This data set includes crude death rates per 100,000 for ages 0-84 for years 2010-2016.

Read in the data set


In [None]:
rates = read.csv("HSML 6295 s4 US Death Rates by Age.csv") 
str(rates)
plot(Death_Rate ~ Age, data = rates, 
     xlab = "Age (Years)", ylab = "Deaths per 100,000")
plot(Death_Rate ~ Age, data = rates, 
     xlab = "Age (Years)", ylab = "Deaths per 100,000", xlim = c(0,30), ylim = c(0,1000))
plot(log(Death_Rate) ~ Age, data = rates, 
     xlab = "Age (Years)", ylab = "log(Deaths per 100,000)")
plot(log(Death_Rate) ~ Age, data = rates, 
     xlab = "Age (Years)", ylab = "log(Deaths per 100,000)", 
     xlim = c(0,30), ylim = c(2,7))


In [None]:
library(boot)

# Set the value of the randomization seed
  set.seed(1)

# Define subset of data frame
  subset = subset(rates, Age >= 0 & Year >= 2016)                   

# Set number of folds
  k=5

# Matrix of MSE results
  (cv.error = rbind(rep(0,10), rep(0,10), rep(0,10)))

# Loop over polynomial degrees
for (i in 1:10){
# Fit polynomial on subset
  glm.fit = glm(Death_Rate ~ poly(Age, i), data = subset)         
# Predict response on full data set
  pred = predict(glm.fit, subset)                                 
# Training MSE
  cv.error[1,i] = round(mean((subset$Death_Rate - pred)^2),0)     
# LOOCV Test MSE
  cv.error[2,i] = round(cv.glm(subset, glm.fit)$delta[1],0)       
# K-Fold CV Test MSE
  cv.error[3,i] = round(cv.glm(subset, glm.fit, K=k)$delta[1],0)  
}

# Extract the values of the polynomial degree that minimize the MSEs
arg_min_train = cv.error[1,][which.min(cv.error[1,])]
arg_min_loocv = cv.error[2,][which.min(cv.error[2,])]
arg_min_cv    = cv.error[3,][which.min(cv.error[3,])]

# Plot the MSE values for polynomial degrees 1 through 10
plot(log(cv.error[1,]), type="l", xlab="Degree of Polynomial", ylab="log(MSE)",
     col="red", lwd=1, pch=15, cex = 0.8, bty="l")
lines(log(cv.error[2,]), type="l", col="blue", lwd=1, pch=16, cex = 0.8)
lines(log(cv.error[3,]), type="l", col="purple", lwd=1, pch=17, cex = 0.8)
points(which.min(cv.error[1,]),log(arg_min_train),col="red",cex=1,pch=15)
points(which.min(cv.error[2,]),log(arg_min_loocv),col="blue",cex=1,pch=16)
points(which.min(cv.error[3,]),log(arg_min_cv),col="purple",cex=1,pch=17)
legend("top", legend =  c(paste("Training MSE:", arg_min_train), 
                          paste("LOOCV Test MSE:", arg_min_loocv), 
                          paste(k,"- Fold CV Test MSE:",arg_min_cv)), 
       col = c("red","blue","purple"), pch = c(15,16,17), bty = "n", 
       text.col = c("red","blue","purple"), horiz = F)


**Knowledge Check 1**

Compute the training MSE, the LOOCV test MSE, and the 5-fold CV test MSE for the age ranges shown in the table below and find the value of the complexity parameter (the degree of the polynomial) that minimizes each error measure.

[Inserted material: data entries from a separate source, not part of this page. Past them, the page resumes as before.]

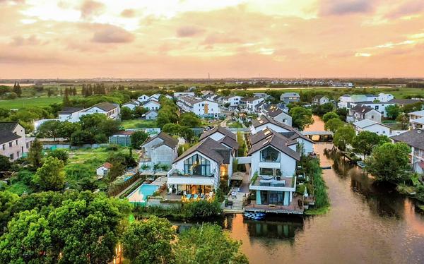 在昆山市淀山湖镇金家庄村,一片白墙黛瓦的建筑隐于田野水道之间,错落有致、古意盎然,这便是备受游客青睐的拾柒·隐书香府邸酒店。
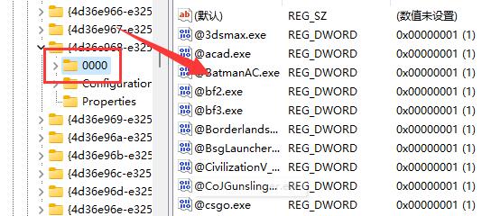 3、點擊進入“計算機\HKEY_LOCAL_MACHINE\SYSTEM\ControlSet001\Control\Class\{4d36e968-e325-11ce-bfc1-08002be10318}”
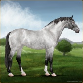 Name: RW Twilight Time EEEAge: 8 Mare Color: Silver Black Sabino Breed: Irish Sport Horse Foal Rating: E/E/E |  |
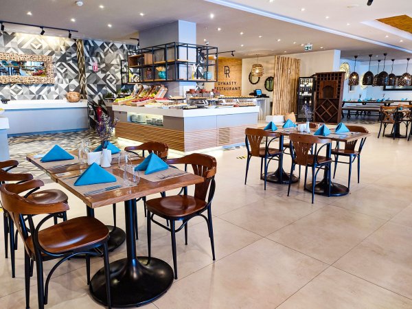 restauracja główna Dynasty – dania w formie bufetu, kuchnia międzynarodowa, dostępne foteliki dla dzieci, dania wegetariańskie; restauracja Seya Beach Lounge & Restuarant; 2 bary: w lobby i przy basenie; kawiarnia
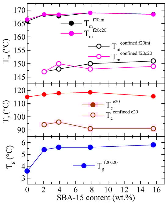 Variation with the SBA-15 content of the different thermal transitions observed in Figure 3, Figure 4 and Figure 5 is represented in Figure 6 for PHB and its composites. The differences among samples are almost not significant, although an increase in passing from PHB to the composites is usually observed, more evident at low SBA-15 amounts. More clear differences are deduced for the values of Tg (not shown in Figure 3, Figure 4 and Figure 5) where a significant increase from neat PHB to the composites is well evident.
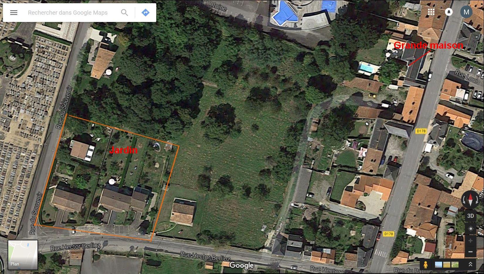 Justement, aujourd'hui on va visiter le jardin d'Elie. Comme le montre les cartes, à vol d'oiseau il n'était pas très loin de la fameuse Grande Maison. J'ai retrouvé ces deux cartes qui montrent la grandeur de ce jardin qui au fil du temps s'est transformé en lotissement.
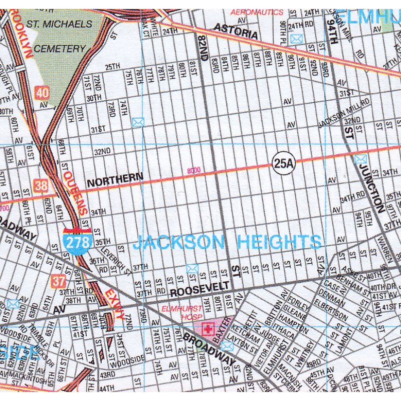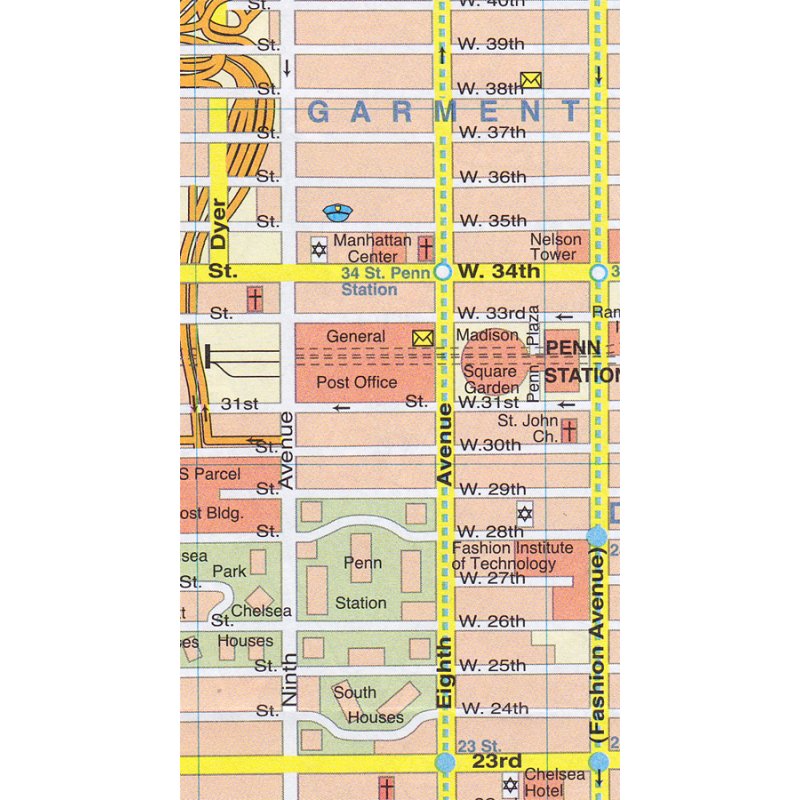 - enthält: Bronx, Brooklyn, Manhatten, Queens, Staten Island, Enlargement of Manhatten, John F. Kennedy International Airport, La Guardia Airport, Newark Airport, plus New York vicinity map
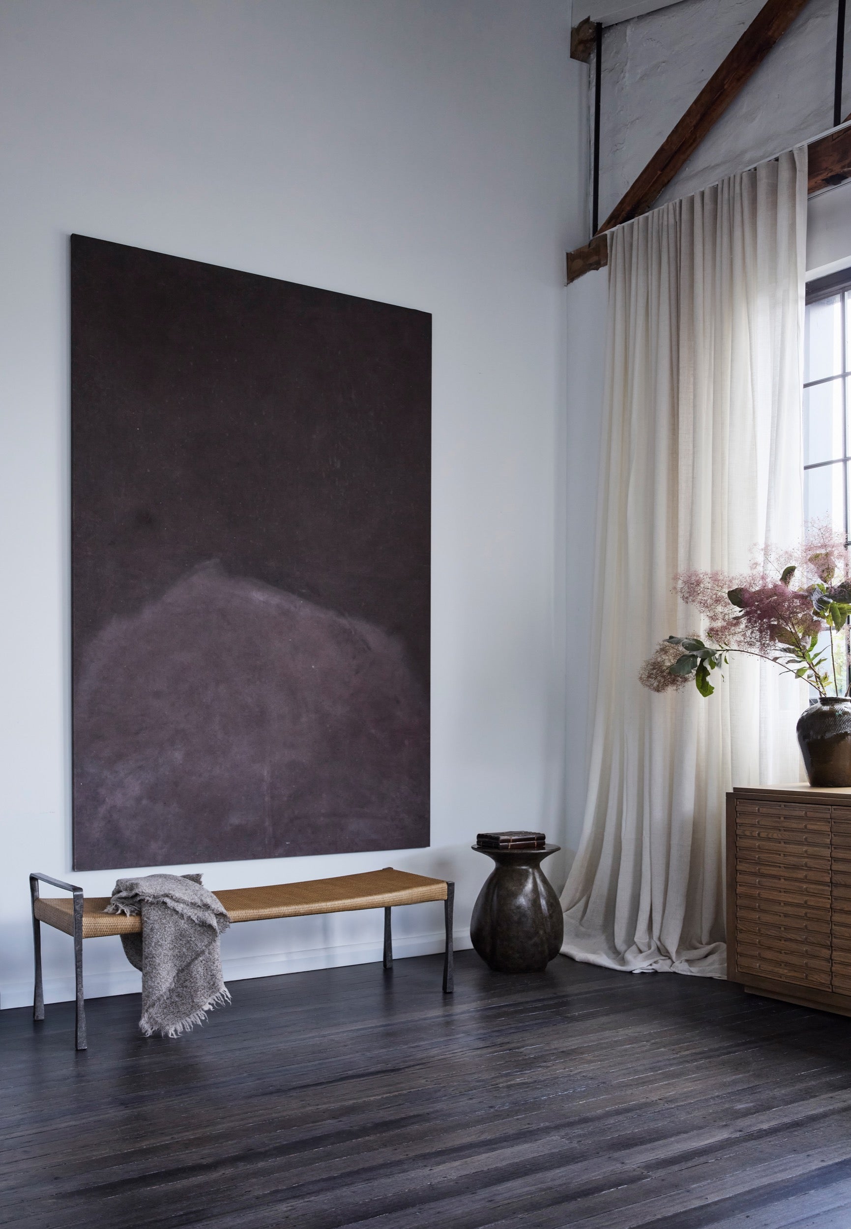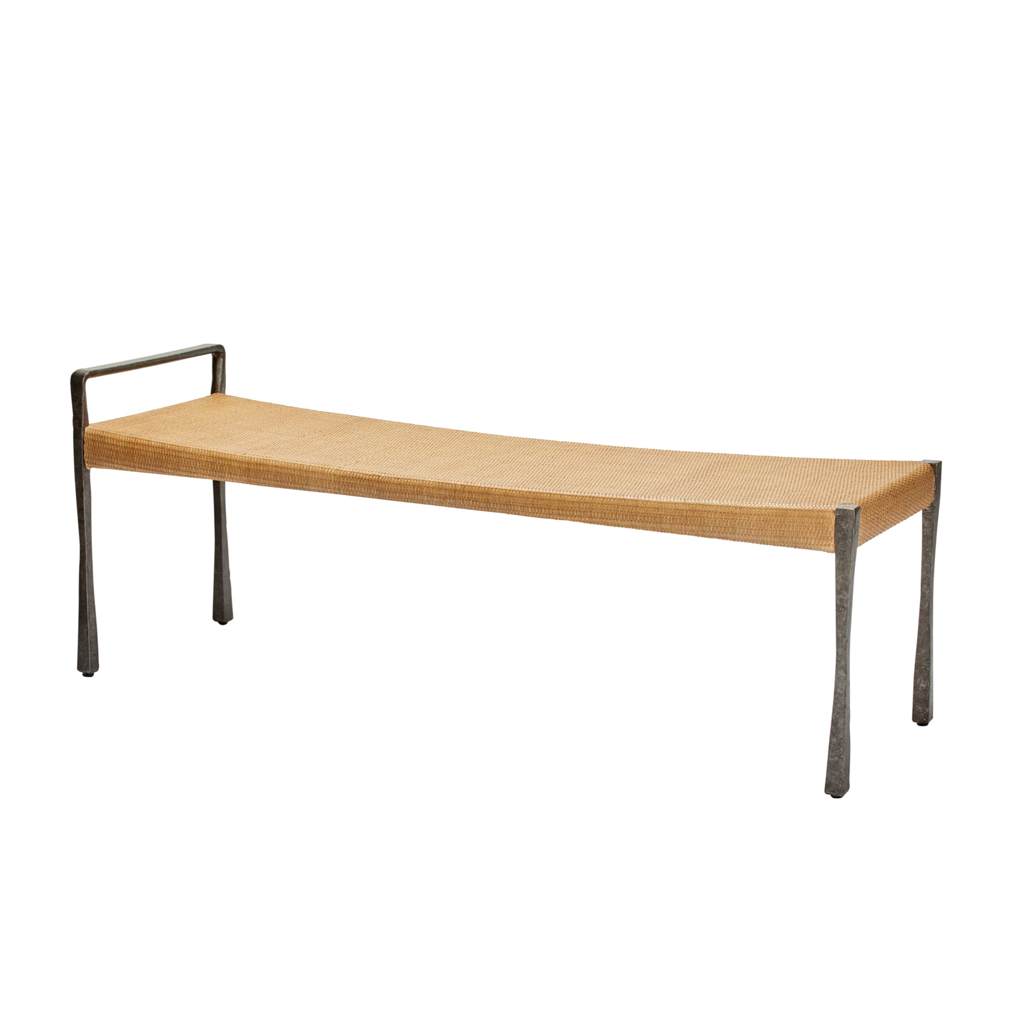 Thornton draws its inspiration from hammered steel and wrapped cane with its asymmetrical sculptured metal frame and subtly curved woven seat. This is a piece imagined for every room, designed to sit comfortably with baskets beneath and artwork above in an elegant entry, paired with upholstered seating in a layered living room, footnoting a bed or paired with

Do the shapes of the graphs representing the 3 measures change when you change the value of the randomization seed?

Hint: Modify the following line in the code chunk above

`subset = subset(rates, Age >= 0 & Year >= 2016)`


| Age Range (Years)                        | 0-84 | 1-84 | 2-84 | 20-84 | 40-84 | 65-84 |
| ---                                      | ---: | ---: | ---: | ---:  | ---:  | ---:  |
| Degree That Minimizes Training MSE       |   10 |      |      |       |       |       |
| Degree That Minimizes LOOCV Test MSE     |    6 |      |      |       |       |       |
| Degree That Minimizes 5-Fold CV Test MSE |    6 |      |      |       |       |       |


**Answer:**

| Age Range (Years)                        | 0-84 | 1-84 | 2-84 | 20-84 | 40-84 | 65-84 |
| ---                                      | ---: | ---: | ---: | ---:  | ---:  | ---:  |
| Degree That Minimizes Training MSE       |   10 |   10 |   10 |     9 |    10 |    10 |
| Degree That Minimizes LOOCV Test MSE     |    6 |   10 |    8 |     9 |     5 |     4 |
| Degree That Minimizes 5-Fold CV Test MSE |    6 |   10 |    8 |     9 |     5 |     4 |


**Knowledge Check 2**

Compute the training MSE, the LOOCV test MSE, and the 5-fold CV test MSE for the age range 0-84 but now change the value of the randomization seed as shown in the table below and find the value of the complexity parameter (the degree of the polynomial) that minimizes each error measure. Do the shapes of the graphs representing the 3 measures change when you change the value of the randomization seed?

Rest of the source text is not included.